**WHAT TO PRODUCE**
The lines from the top of the material through the line with "2019年,陕西宝鸡教育局就" are to be set down exactly. Leave the pictures out.

**EXERCISE MATERIALS**

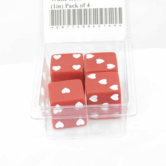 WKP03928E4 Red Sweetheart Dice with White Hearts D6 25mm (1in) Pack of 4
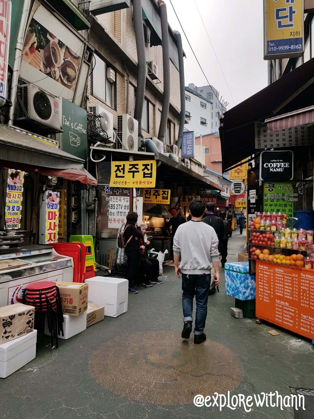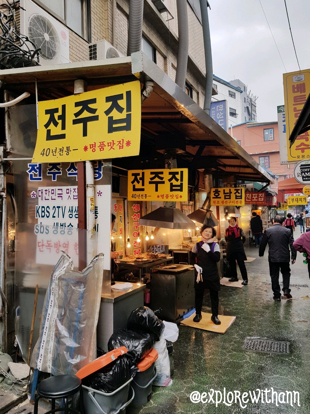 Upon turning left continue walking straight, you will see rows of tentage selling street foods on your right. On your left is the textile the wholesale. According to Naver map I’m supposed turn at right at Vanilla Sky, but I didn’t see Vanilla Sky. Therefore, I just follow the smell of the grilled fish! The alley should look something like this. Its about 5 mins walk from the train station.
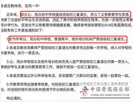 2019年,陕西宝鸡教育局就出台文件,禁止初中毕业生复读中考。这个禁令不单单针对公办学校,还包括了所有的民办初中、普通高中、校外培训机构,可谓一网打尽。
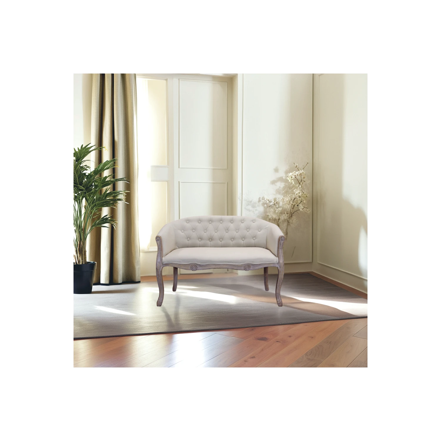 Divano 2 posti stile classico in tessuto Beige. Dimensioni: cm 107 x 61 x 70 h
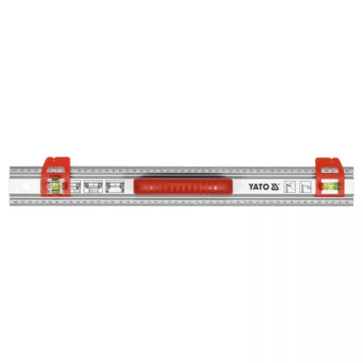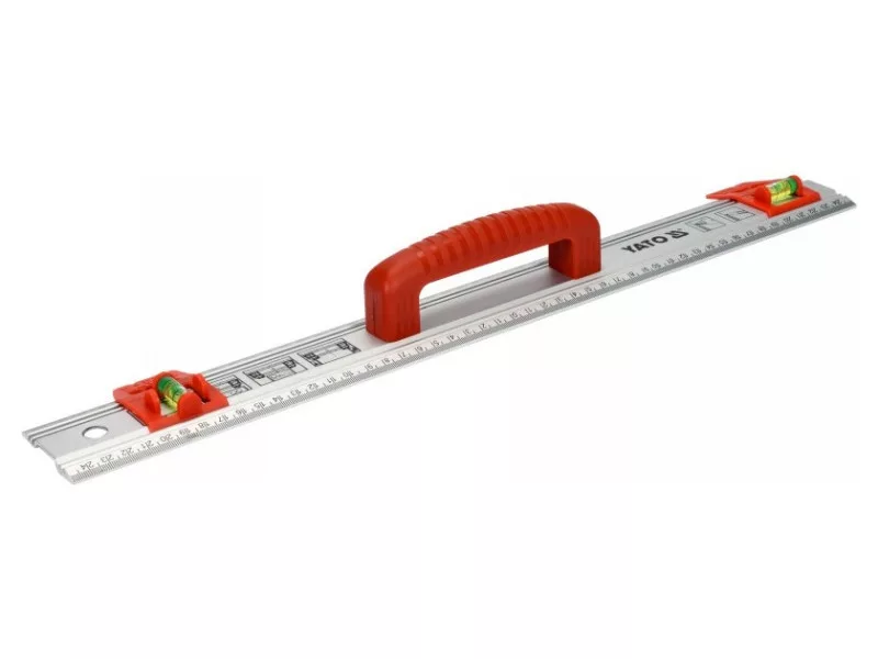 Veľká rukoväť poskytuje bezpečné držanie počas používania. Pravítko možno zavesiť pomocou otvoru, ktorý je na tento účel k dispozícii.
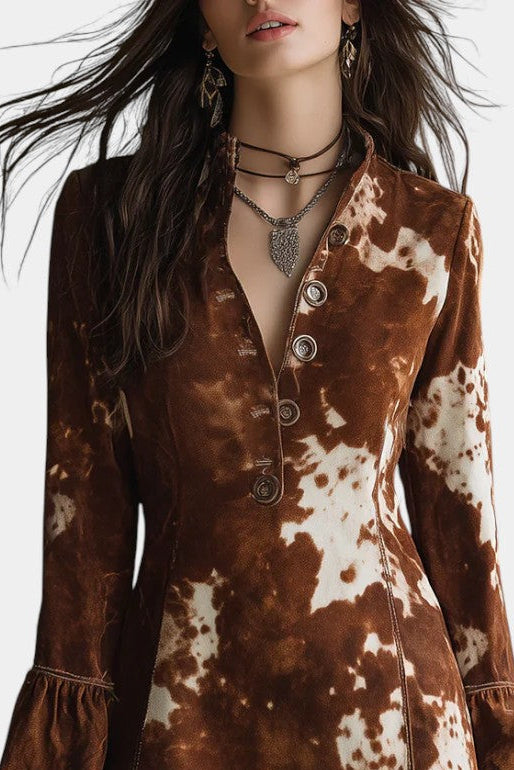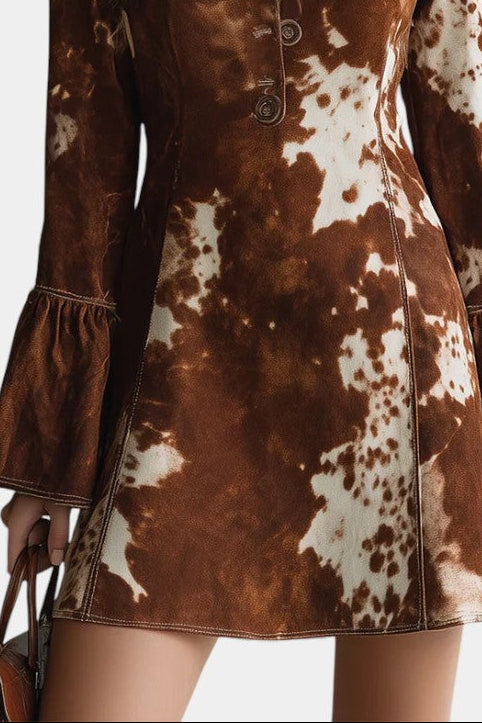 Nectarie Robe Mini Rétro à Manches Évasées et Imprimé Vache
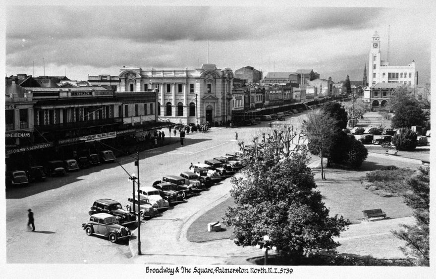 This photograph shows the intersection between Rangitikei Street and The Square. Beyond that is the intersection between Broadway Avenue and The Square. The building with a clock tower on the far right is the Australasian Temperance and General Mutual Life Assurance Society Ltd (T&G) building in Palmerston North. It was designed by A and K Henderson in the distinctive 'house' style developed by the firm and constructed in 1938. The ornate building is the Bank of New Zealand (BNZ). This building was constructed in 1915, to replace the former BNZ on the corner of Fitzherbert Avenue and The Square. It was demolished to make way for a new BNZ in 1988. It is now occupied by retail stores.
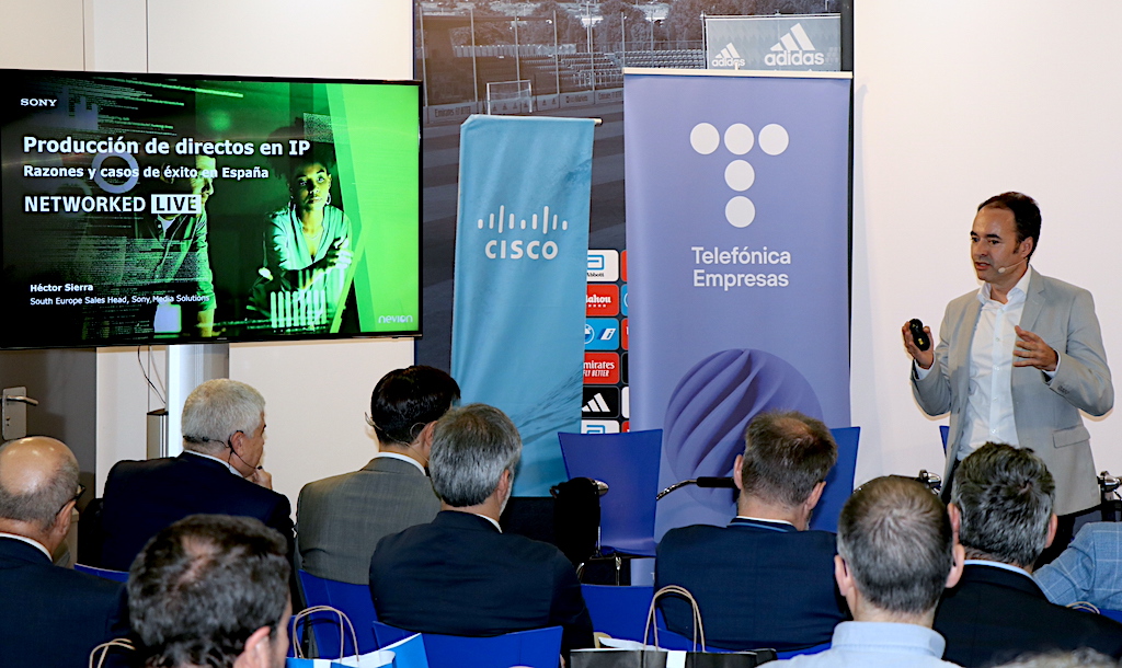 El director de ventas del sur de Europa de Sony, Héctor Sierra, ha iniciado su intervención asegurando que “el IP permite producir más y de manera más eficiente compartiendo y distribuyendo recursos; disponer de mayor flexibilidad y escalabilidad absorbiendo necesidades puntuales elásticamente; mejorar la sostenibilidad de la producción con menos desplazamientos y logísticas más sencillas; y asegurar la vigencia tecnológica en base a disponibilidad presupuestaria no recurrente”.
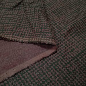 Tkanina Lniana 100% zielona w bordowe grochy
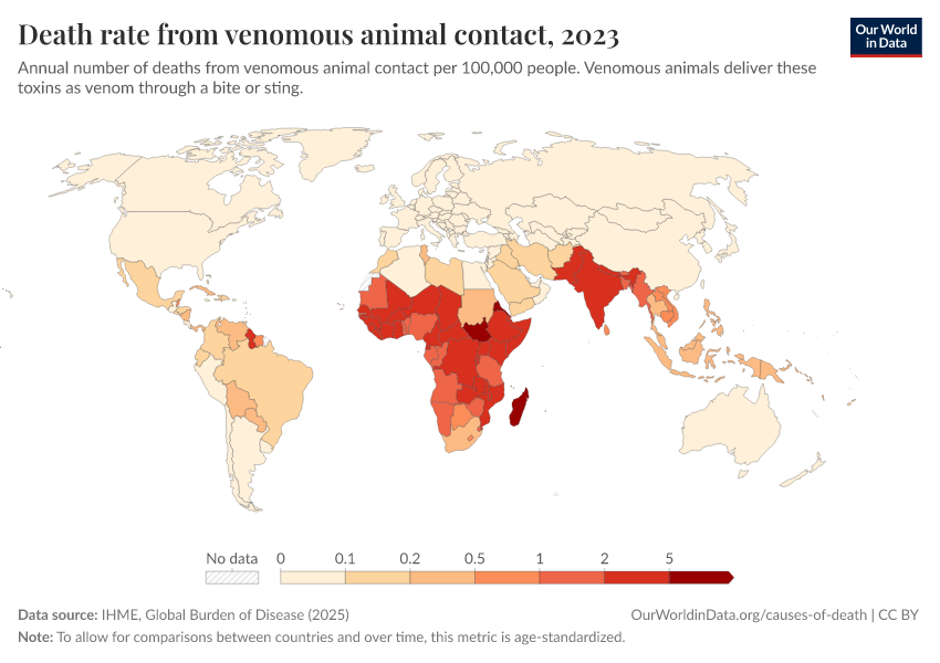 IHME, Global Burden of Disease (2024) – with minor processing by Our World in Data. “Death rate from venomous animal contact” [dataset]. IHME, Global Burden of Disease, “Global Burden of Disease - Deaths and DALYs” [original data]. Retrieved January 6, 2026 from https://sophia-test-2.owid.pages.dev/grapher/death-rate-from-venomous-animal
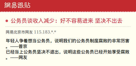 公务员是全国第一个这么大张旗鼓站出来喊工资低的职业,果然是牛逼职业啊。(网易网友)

**FINAL ANSWER**
 WKP03928E4 Red Sweetheart Dice with White Hearts D6 25mm (1in) Pack of 4
 Upon turning left continue walking straight, you will see rows of tentage selling street foods on your right. On your left is the textile the wholesale. According to Naver map I’m supposed turn at right at Vanilla Sky, but I didn’t see Vanilla Sky. Therefore, I just follow the smell of the grilled fish! The alley should look something like this. Its about 5 mins walk from the train station.
 2019年,陕西宝鸡教育局就出台文件,禁止初中毕业生复读中考。这个禁令不单单针对公办学校,还包括了所有的民办初中、普通高中、校外培训机构,可谓一网打尽。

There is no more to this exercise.